Genre: Action-Adventure/Spy
Thriller
Description:
A petite twenty-something tomboy with an unconventional upbringing and
a yearning for adventure, Alexis Stanton is bored with her life. So she quits
her job and starts the search for something more exciting. A strange and
ambiguous help wanted ad might be the answer. Then again, it might be more than
she bargained for.
Author:
Author J.C. Phelps has written three books in The Alex Stanton
Chronicles (Color Me Grey is the
first). She lives and writes in South Dakota. For more visit her blog.
Appraisal:
I started reading Color Me Grey
late one night as I was supposed to be falling asleep. This was a mistake. I
liked the character of Alexis immediately. Despite her unconventional and
privileged upbringing (which could easily have had the opposite effect) she had
an attitude and style I loved. She has a passion to experience life that most
of us lack. She is always thirsting for knowledge, a quality very few people
have. One thing that really stuck with me, since it hit close to home, was when
Alexis said:
Reading
is a habit of mine, not a hobby, but a habit. It seems I just can’t get enough.
I will read anything.
Perhaps some of you can relate. I know I did.
The characters, including Alexis, are “larger than life.” Their
adventures are beyond what you’d expect from real life, yet aren’t as
over-the-top as you might find in a James Bond type novel.
If this sort of adventure-thriller is your sort of read, Color Me Grey might be the perfect read,
although Alexis is a different kind of hero than you might have experienced
before.
The only caution I have is Phelps writing style, at least in this
book, is very narrative driven. One friend described it as
stream-of-consciousness, although I’m not sure that description is quite right.

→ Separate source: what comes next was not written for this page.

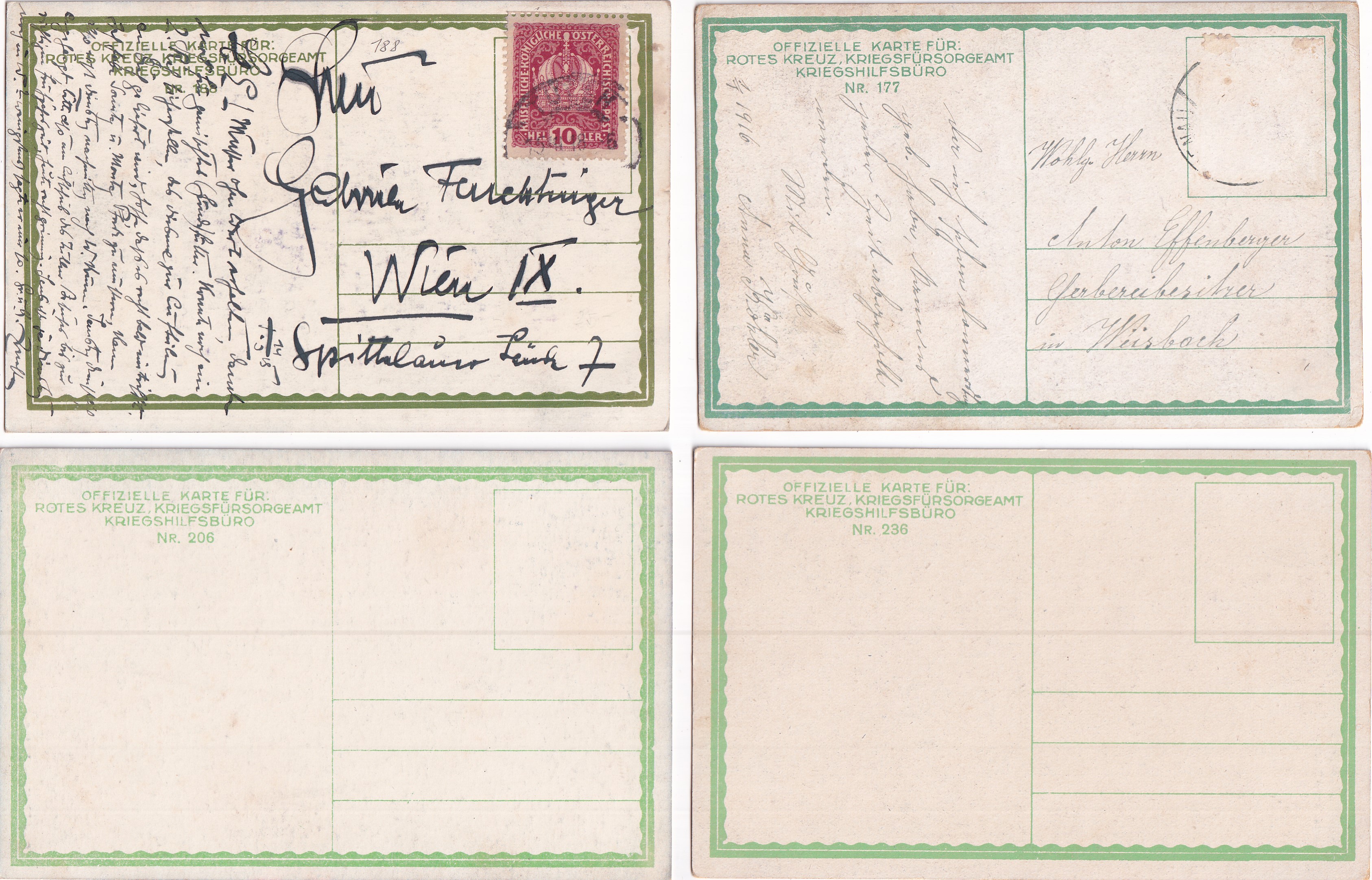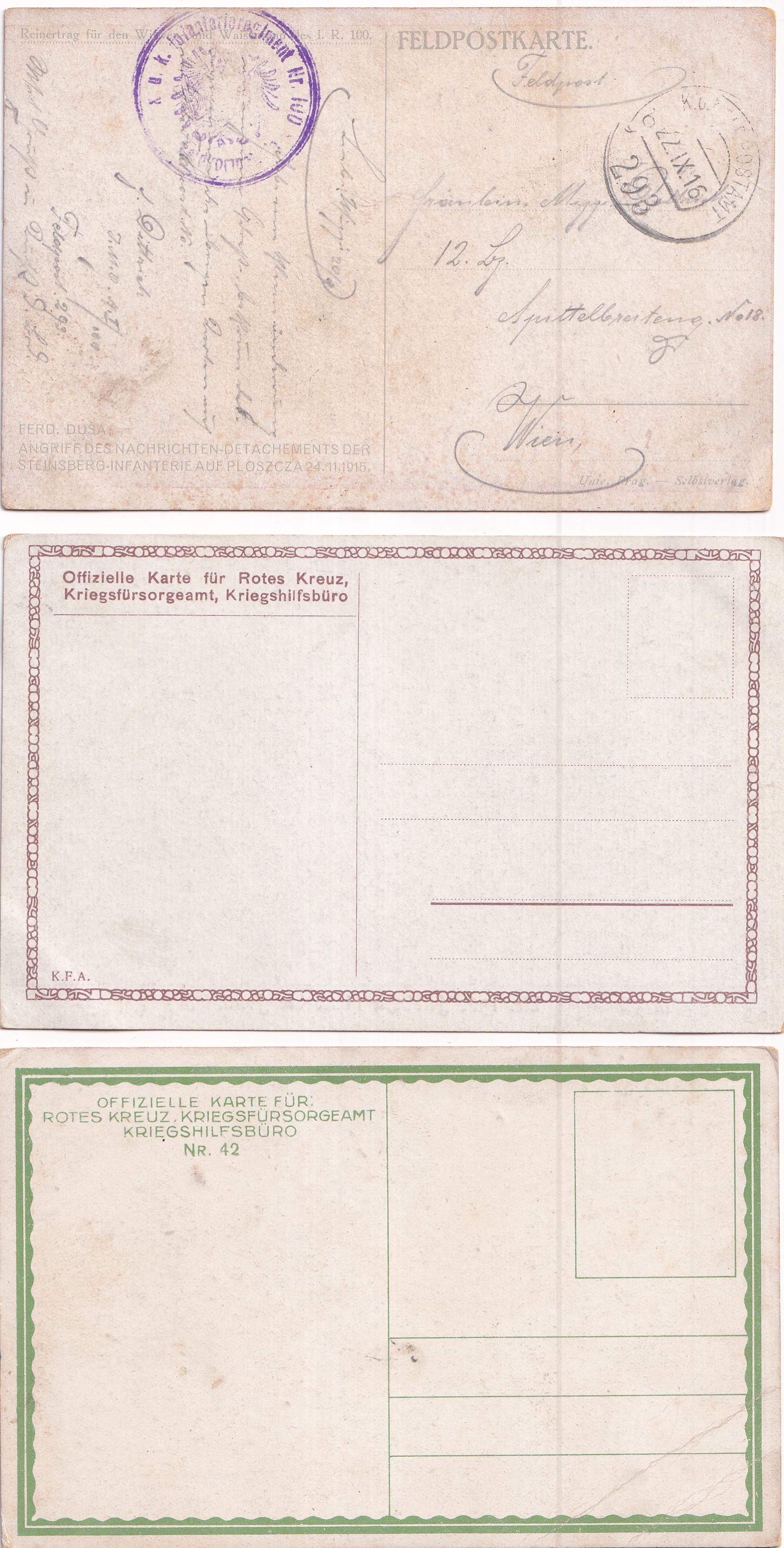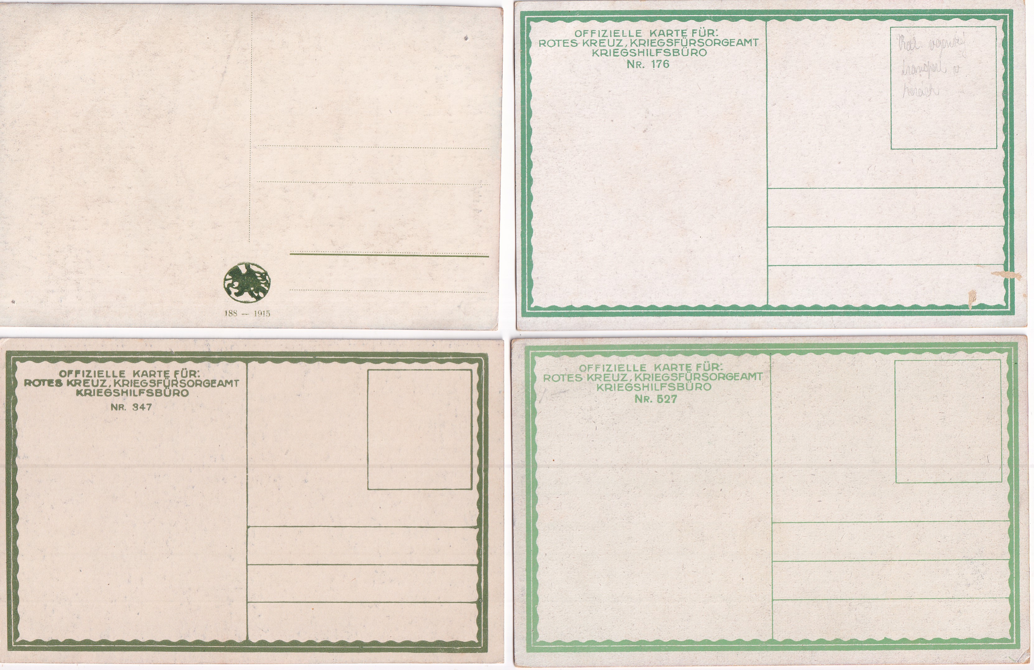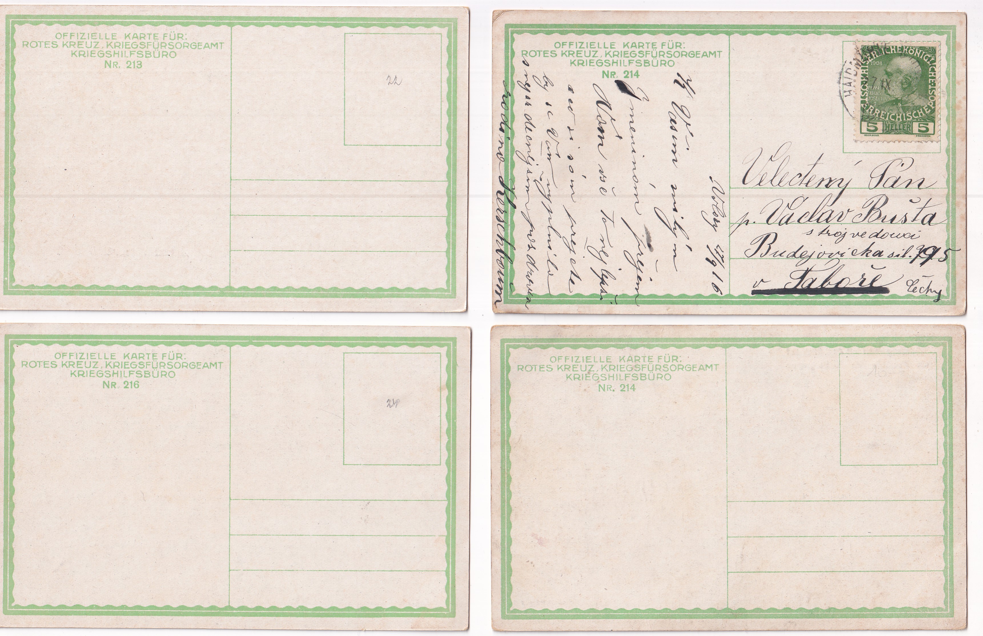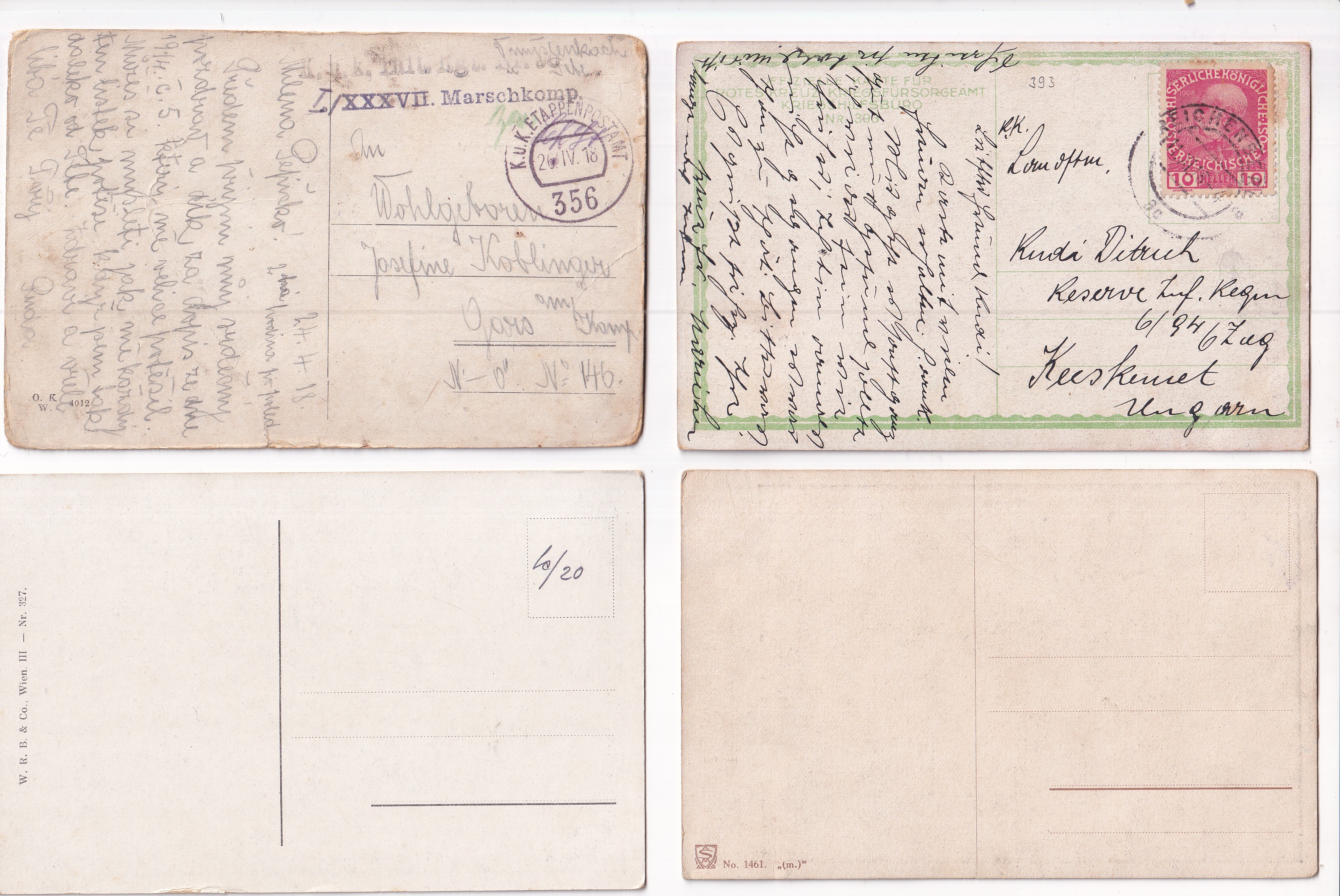 12 (K3-5) MF Celek vojenských pohlednic obsahuje: oficiální dopisnice Červeného Kříže. WWI. Rakousko Uhersko. Lyžaře. Zákopy. Vojáci na frontě. Dolomity. Tyrolsko. Horolozci. Děla. Kulomety. Bitva ve vysokých horách. Horolezecký pěšák. Zbraně. Bajonety. Stráž na Soče. V boji o Tyrolsko. Hlídka, Albánské hory. Věrná stráž. Vojenská doprava v horách – koně. Odpočinek v Karpatech. Kulomet ve stěně Dolomit s výhledem. Alpská stráž. Prapor – Tyrolský červený orel. Na základně. Pronásledování Rusů v Karpatech. Polní tábor. Dělostřelectvo s Tofanou u Cortiny. Lyžařská hlídka s Cevedale. Přeprava zbraní a střeliva. Vojenská hlídka v horách (2800m). Tvrdá práce v Dolomitech. Na stráži. V Alpách. Na pozorovacím stanovišti. Dělostřelecká doprava na italských hranicích. Bouře zasněžených hor na italské frontě. Na hranicích 1914. Část pohlednic prošlá poštou, např. Adresát Gars am Kamp 1918. Adresát Hradec Králové 1919. Adresát říď.učitel v Jilmu, p. Chotěboř. Adresát v Pečkách 1911. Adresát strojvedoucí v Táboře 1916. Adresát obchod Police nad Metují. Adresát Trnovo 1912. Razítko Sopron,Maďarsko adresát Banská Štiavnica 1928. Adresát lékař Písek, Pražská tř. Adresát úředník pivovarské banky, Chuchle u Prahy, Lázeňská restaurace 1916. Adresát Kraskov, p.Prachovice. Adresát Měrotí, okr. Olomou. Razítko Trient, adresát České Budějovice 1915. Razítko Trient, adresát Reichenberg Liberec 1913. Některé pohlednice včetně razítek jednotek, vojáci píší dopisnice na adresy do čech a moravy. // Rakousko Uhersko,Červený Kříž,lyžaře, vojenské zákopy,Dolomity,Tyrolsko,horolozci,děla,kulomety,zbraně,bajonety //

But if you’re looking for lots of dialog, you won’t find it, if for no other
reason than many of the characters tend to be close-lipped, letting their
actions talk for them. If you’re not sure, read the sample. If your reaction is
anything like mine, that will be more than enough to hook you. Just don’t start
reading if you should be sleeping, or risk paying the consequences the next
morning as I did.
Format/Typo
Issues:
A small number of typos that should not affect your reading enjoyment.
Rating:
***** Five Stars
Reviewed
by: BigAl
Approximate
word count: 75-80,000 words
2 comments:
Happy New Year, Al et al (!)
I see many reviews on the UK Amazon site for this book now. It has obviously piqued the interest of a lot of readers over here. When did you first review it, Al?
F Y I: not sure how it's sitting on Amazon US, but in the UK it is free to download, which means you can't, actually, have a sample. (Boo!)
Do fellow Brits know that you can now give Kindle books as gifts? Finally, we have caught up with AmazonUS in this respect. Hopefully the rest of the things we can't do on Kindle which they can will come to us over the next year or so too. It's about time!
It looks like we originally ran this review in March of 2011, Judi. That would have been in the first two months of Books and Pals existence. (We started the last week of January, 2011.)